How do we program this test? We can use a 64 bit long integer for a quick test.

// initialization
long cache = 0L;
for i = 0 to length(pattern) - 1 {
  cache |= 1L << (pattern[i] & 63);
}

...

// test for last pattern character; pattern string is "Tomas"
if (source[i] != 's') { // last character did not match
  if ((cache & (1L << (source[i] & 63))) == 0L) { // got an impossible char
    i += 5; // skip 5 characters
  }
}

Being able to skip 5 characters instead of 1 character at a time gives us a speed boost.

If the implementation language does not have good support for 64 bit integer arithmetic, a 32 bit integer cache can be used in a pinch.

Search Order Discussion

After the last character of the pattern string matches with the source string character under the scan pointer, we scan the rest of the pattern string from left to right.
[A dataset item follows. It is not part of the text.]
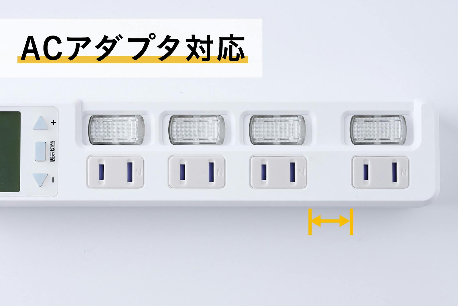 隣との幅を広げた差し込み口もあるので、テレビやパソコンなど大き目のACアダプタでもご利用できます。

The question is ‘why’? Some other choices include right to left, and random order. The answer has to do with worst case performance estimate.

If we find an “impossible character” in the subsequent pattern string matches, we can still skip more than one characters. For example, if we find the fifth character is “impossible”, then we can increase search pointer by 5.

stre stress     <- source
stress          <- pattern

234561          <- match order

    v
stre stress     <- source
stress          <- pattern
    ^

By scanning from left to right, we ensure the amount we skip is roughly proportional to the number of characters we scanned. If we scan from right to left, then it is possible for a long scan to yield a small skip amount.

MD2 Optimization

Optimization of md2 offset is used when the last character of the pattern string matches, but some other pattern characters do not match.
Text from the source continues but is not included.